Cet état de l’Âme, qui naît de deux affections contraires, s’appelle Fluctuation de l’Âme ; il est à l’égard de l’affection ce que le doute est à l’égard de l’imagination (voir Scolie de la Prop. 44, p. II), et il n’y a de différence entre la Fluctuation de l’Âme et le doute que du plus au moins. Il faut noter seulement que, si j’ai dans la Proposition précédente déduit les fluctuations de l’âme de causes qui produisent l’une des deux affections par elles-mêmes, l’autre par accident, je l’ai fait parce que les Propositions précédentes rendaient ainsi la déduction plus aisée ; mais je ne nie pas que les fluctuations de l’âme ne naissent le plus souvent d’un objet qui est cause efficiente de l’une et l’autre affections. Le Corps humain en effet est composé (Post. 1, p. II) d’un très grand nombre d’individus de nature différente, et, par suite (voir l’Ax. 1 venant après le [Lemme 3343] qui suit la Prop. 13, p. II), il peut être affecté par un seul et même corps de manières très nombreuses et diverses ; d’autre part, comme une seule et même chose peut-être affectée de beaucoup de manières, elle pourra aussi affecter une seule et même partie du Corps de manières multiples et diverses. Par où nous pouvons facilement concevoir qu’un seul et même objet peut être cause d’affections multiples et contraires. [*]


Hæc mentis constitutio quæ scilicet ex duobus contrariis affectibus oritur, animi vocatur fluctuatio, quæ proinde affectum respicit ut dubitatio imaginationem (vide scholium propositionis 44 partis II) nec animi fluctuatio et dubitatio inter se differunt nisi secundum majus et minus. Sed notandum me in propositione præcedenti has animi fluctuationes ex causis deduxisse quæ per se unius et per accidens alterius affectus sunt causa ; quod ideo feci quia sic facilius ex præcedentibus deduci poterant ; at non quod negem animi fluctuationes plerumque oriri ab objecto quod utriusque affectus sit efficiens causa. Nam corpus humanum (per postulatum 1 partis II) ex plurimis diversæ naturæ individuis componitur atque adeo (per axioma 1 post lemma 3, quod vide post propositionem 13 partis II) ab uno eodemque corpore plurimis diversisque modis potest affici et contra quia una eademque res multis modis potest affici, multis ergo etiam diversisque modis unam eandemque corporis partem afficere poterit. Ex quibus facile concipere possumus unum idemque objectum posse esse causam multorum contrariorumque affectuum.
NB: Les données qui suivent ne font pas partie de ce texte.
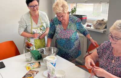 Pani Małgorzata zaznaczyła także, że poza zabawą i różnymi zajęciami chętnie angażują się w pomoc innym. Ona sama pewnego czasu pomogła panu, który sprowadził się w okolice i trzeba było mu pomóc. – Syn tego pana zgłosił się do wolontariatu z prośbą o pomoc przy rozpakowywaniu i ja chętnie podjęłam się tego zadania. Przez dwa dni pomagałam mu się rozpakować i urządzić w nowym miejscu – wspomina pani Małgorzata podkreślając przy tym, że gdyby wiedziały o innych osobach, które potrzebują pomocy, to chętnie by pomagały w razie potrzeby.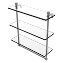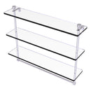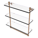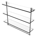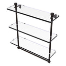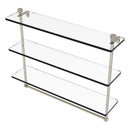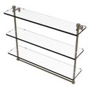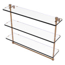 Add space and organization to your bathroom with this simple, contemporary style glass shelf. Featuring tempered, beveled-edged glass and solid brass hardware this shelf is crafted for durability, strength and style. Integrated towel bar provides space for your favorite decorative towels or for your everyday use. One of the many coordinating accessories in the Allied Brass Collection of products, this subtle glass shelf is the perfect complement to your bathroom decor.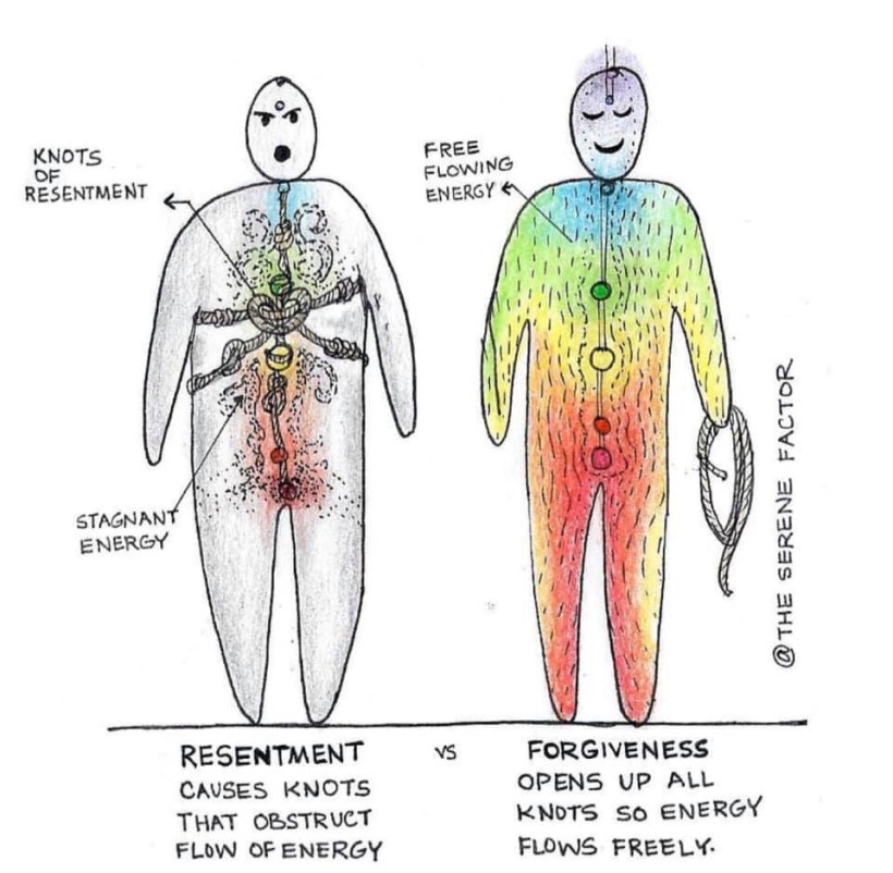 So here is the practice: close your eyes and visualize the person who wronged you or who you wronged. Ask for forgiveness and then forgive them.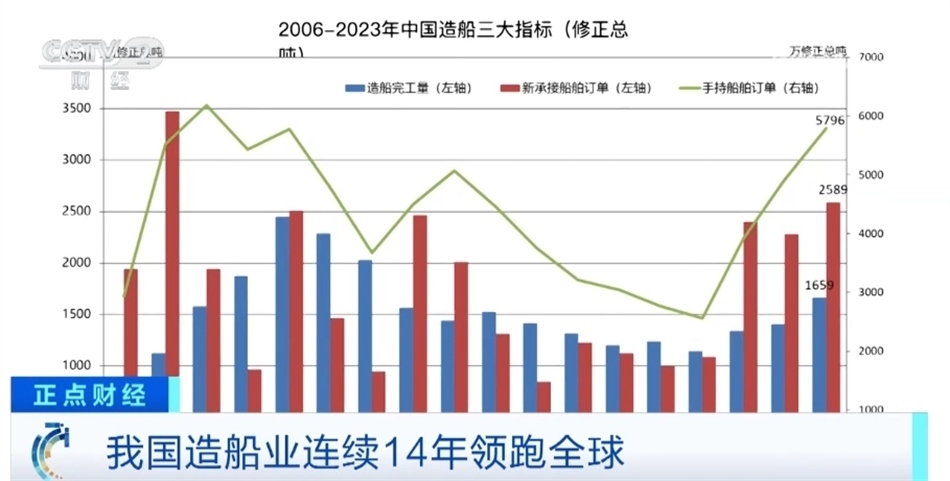 總臺(tái)央視記者 吳天白:在2023年中國(guó)造船業(yè)統(tǒng)計(jì)數(shù)據(jù)中,我們還可以看到三大指標(biāo)占國(guó)際市場(chǎng)份額分別是50.2%、66.6%和55.0%,首次全部超過50%。從這幾張數(shù)據(jù)圖中,我們可以看出,我國(guó)高技術(shù)、高價(jià)值船型的新接訂單量創(chuàng)2008年以來(lái)新高,在這里我們可以看到中國(guó)新接綠色動(dòng)力船舶訂單占國(guó)際市場(chǎng)的份額也是連年增長(zhǎng),2023年全年已經(jīng)達(dá)到了57%。這也表明了未來(lái)全球一半以上的新能源船都將產(chǎn)自中國(guó)。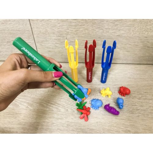 Виріб у вигляді яскравих щипців для гри. Гра розвиває дрібну моторику, зорову координацію, правильне захоплення предметів.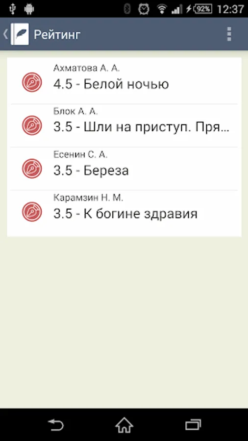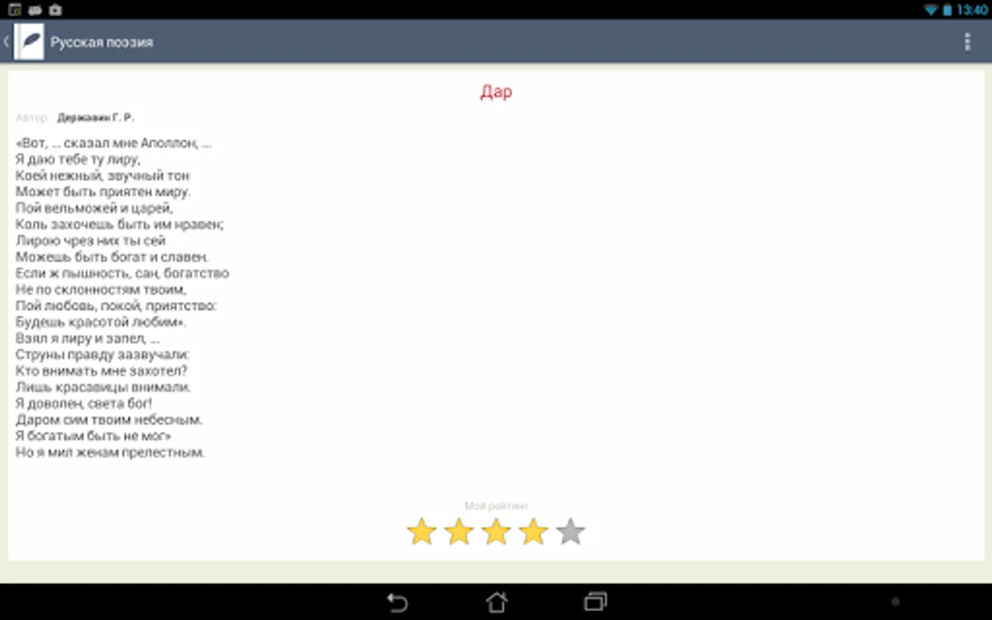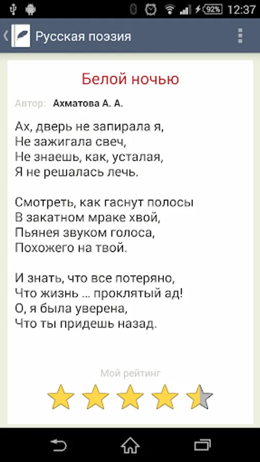 Russian poetry - more than 8,000 works from classical to contemporary. Catalog of authors, easy search, browsing history, random selection works.

[*(Saisset :) Cet état de l’âme, né de deux passions contraires, c’est ce qu’on nomme fluctuation ; elle est à la passion ce que le doute est à l’imagination (voyez le Scol. de la Propos. 44, partie 2), et de la fluctuation au doute il n’y a de différence que du plus au moins. Mais il faut remarquer ici que dans la proposition précédente j’ai déduit ces fluctuations de deux causes, l’une qui opère par elle-même, et l’autre par accident ; or, si j’ai procédé de la sorte, c’est seulement pour faciliter ma déduction ; ce n’est point du tout que je veuille nier que ces fluctuations n’aient pour la plupart leur origine dans un objet qui est à la fois cause efficiente de deux affections contraires. Le corps humain, en effet (par le Post. 1, partie 2), se compose de plusieurs individus de nature diverse, et conséquemment (par l’Axiome 1, posé après le Lem. 3, qu’on peut voir après la Propos. 13, partie 2) peut être affecté par un seul et même corps étranger de plusieurs façons différentes ; et d’un autre côté, comme une seule et même chose peut être affectée d’un grand nombre de façons, elle pourra donc affecter d’un grand nombre de façons différentes une seule et même partie du corps. Par où il est aisé de concevoir qu’un seul et même objet puisse être la cause d’un grand nombre d’affections contraires.